Выбравшись снова на пустынную Сретенку, я почувствовал себя еще более несчастным, чем раньше, и, раздобыв монетки, бросился к автомату — искать, кто спасет меня на ночь от одиночества. Ночью бывало хуже всего. Днем я еще находил занятия в пустынной квартирке на Коломенском, куда пустил меня приятель, уехавший на работу в Америку. Днем я что-то писал, что-то переводил, кому-то звонил, с трудом изыскивая время, чтобы сбегать за покупками в соседний продмаг. Конечно, окраинные продмаги на пятьдесят пятом году непрестанного выполнения «Продовольственной программы» не радовали глаз. Однако я не был избалован и предшествующими успехами партии, так что молоко, черный хлеб и плавленые сырки «Дружба» вполне соответствовали моему вкусу, а всем сортам чайно-кофейных изделий я предпочитал желудевый кофе «Здоровье», которого мне нынче так недостает в парижской торговой пустыне. Так вот, в один из умеренно прохладных февральских дней я набивал всем этим добром свою авоську, когда кто-то мягко тронул меня за рукав. Обернувшись, я увидел смутно знакомое, милое и усталое лицо молодой женщины. Обычно мне хватает минут пяти ничего не значащей, неторопливой беседы или радостных приветственных восклицаний, чтобы вспомнить, с кем я, собственно, разговариваю, но тут я вспомнил даже раньше: это с ней и ее мужем я познакомился на приеме, а его я даже посетил позднее в его новой мастерской близ Сретенки. Мы с ней двинулись, разговаривая, в сторону моего дома — как оказалось, и их тоже. Когда мы добрались до первой блочной пятиэтажки, она даже затянула меня в их вполне убогую квартирку, чтобы познакомить с двумя премилыми длинноносыми дочурками и завершить нашу вполне необязательную беседу: кстати, она тоже оказалась художницей.

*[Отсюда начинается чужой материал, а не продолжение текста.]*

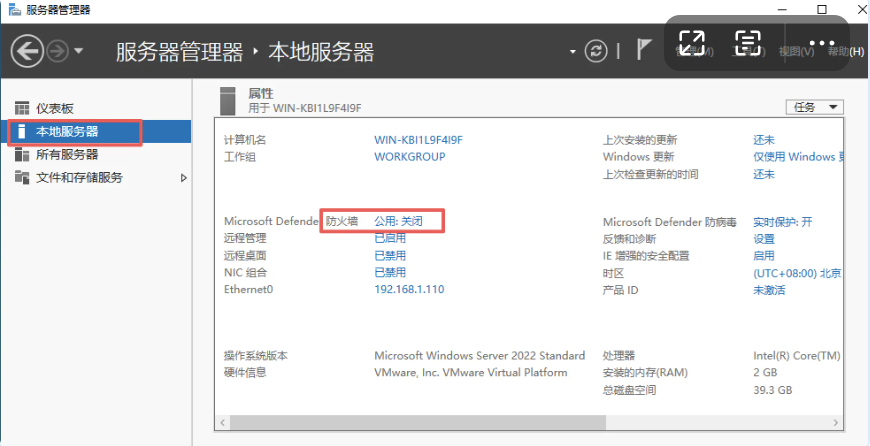打开服务器管理->找到本地服务->关闭防火墙
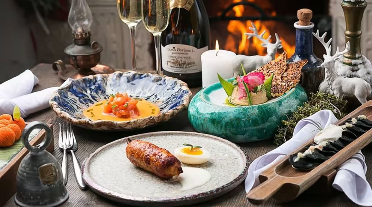 Чорні вареники готуємо на заварному тісті. Чорний колір отримуємо шляхом додавання у тісто чорнил каракатиці. Начинку готуємо з фаршу із судака, копченого сала та цибулі. Подаємо з соусом із рубленими томатами та сметаною.
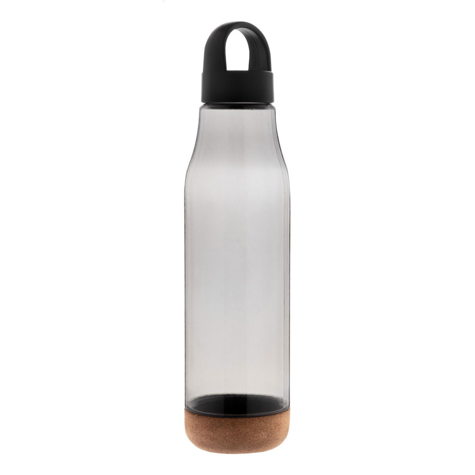 Cortex black RPET bottle is a 720 ml reusable sports bottle designed for everyday hydration during activities, featuring a natural cork base and a practical carry lid.
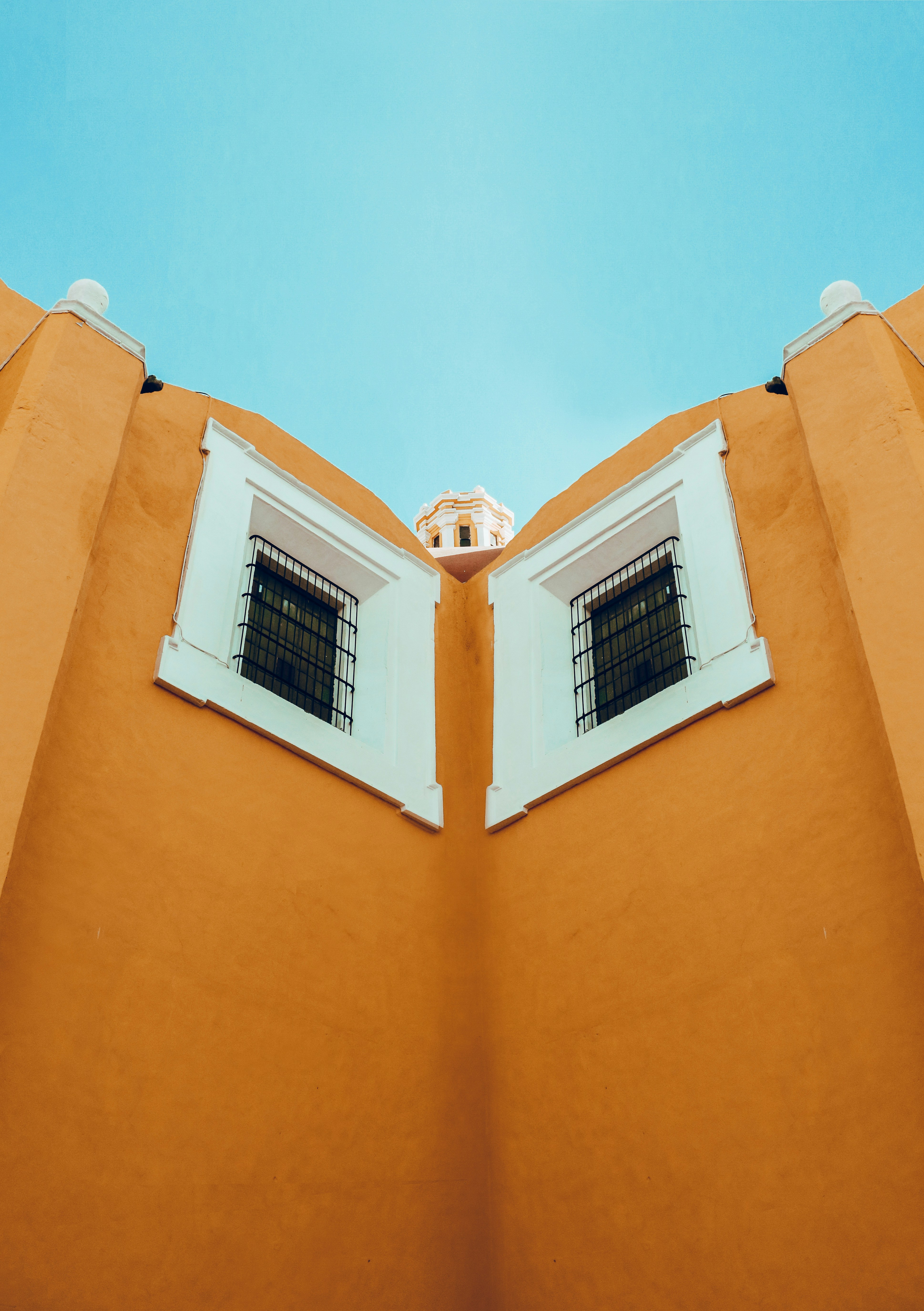 a blue and yellow church with stairs leading up to it
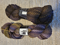 Helix DK is a round and springy, soft (non-superwashed!) striping yarn. It is dyed in the wool and spun at Ewetopia Fiber Mill. Each skein is unique and some imperfections are part of the process, it is a bit like that coveted skein of beautiful handspun. The striping is fairly long, so it is best used for sweaters or larger projects, although hats and cowls also knit up fun!
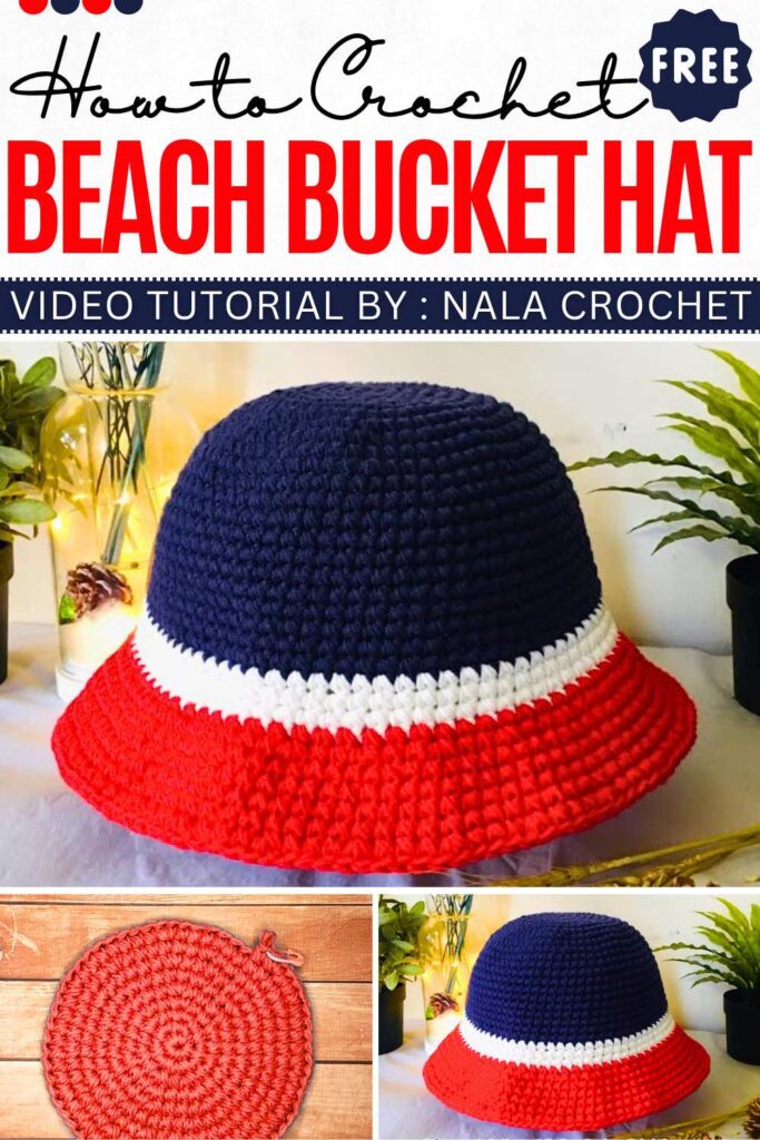 Tailored for a larger fit, this project is ideal for those who prefer a relaxed, oversized headpiece with a sporty edge. The color-blocked stripes in navy, red, and white provide an athletic aesthetic that is both functional and visually striking. Use a 5mm hook and double-strand yarn for a sturdy, large fit. Crochet 13 rows of crown increases before starting the stripes. After the stripes, add two rows of the base color to keep the brim from sagging and the pattern centered.
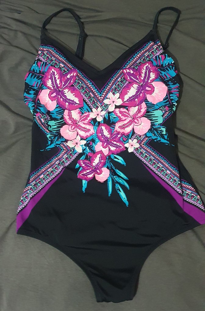 Boncuk detaylı, mor ve pembe çiçek desenli, askılı, vücuda oturan kadın mayo. Midi boyda ve günlük kullanıma uygun.
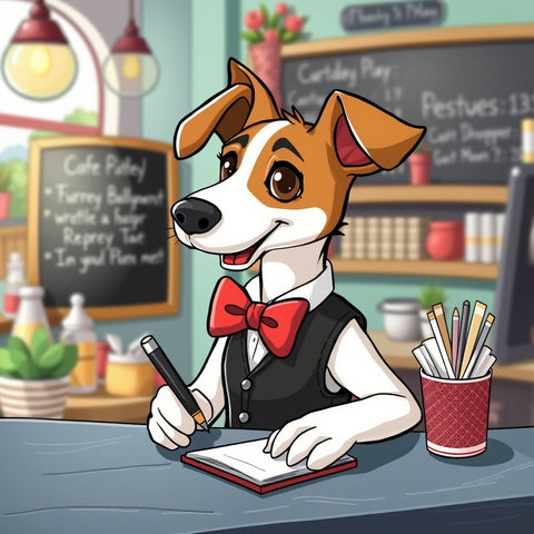 Welcome to the cafe! Our cheerful Jack Russell in a black vest and giant red bow greets you with a toothy grin while jotting down orders. Detailed shelves, plants, coffee cups, and that classic terrier energy make this piece pop with fun and warmth. Anthropomorphic magic meets everyday cafe life—perfect gift for Jack Russell fans or anyone who loves a happy barista pup!"
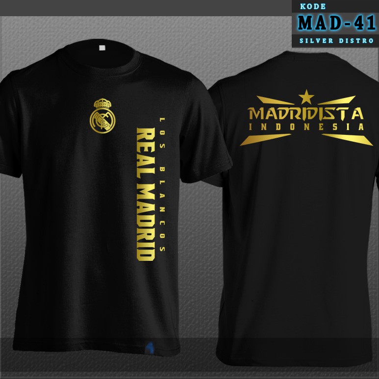 Kaos Real Madrid MAD-41 Madridista Indonesia Hitam Gold Depan Belakang Baju Distro | Shopee Indonesia

Дома было все же теплей, чем на улице, однако я заметил вскоре, что теперь уже не только мысли об оставленной на столе рукописи и о незанятом нынешнем вечере меня тревожат, но и что-то еще постороннее. Я резко обернулся и понял, в чем дело. Девчушки (им было приблизительно шесть и восемь лет) молча и неотрывно глядели на содержимое моей сумки. Я поднял глаза на мать, и она кивнула с серьезностью.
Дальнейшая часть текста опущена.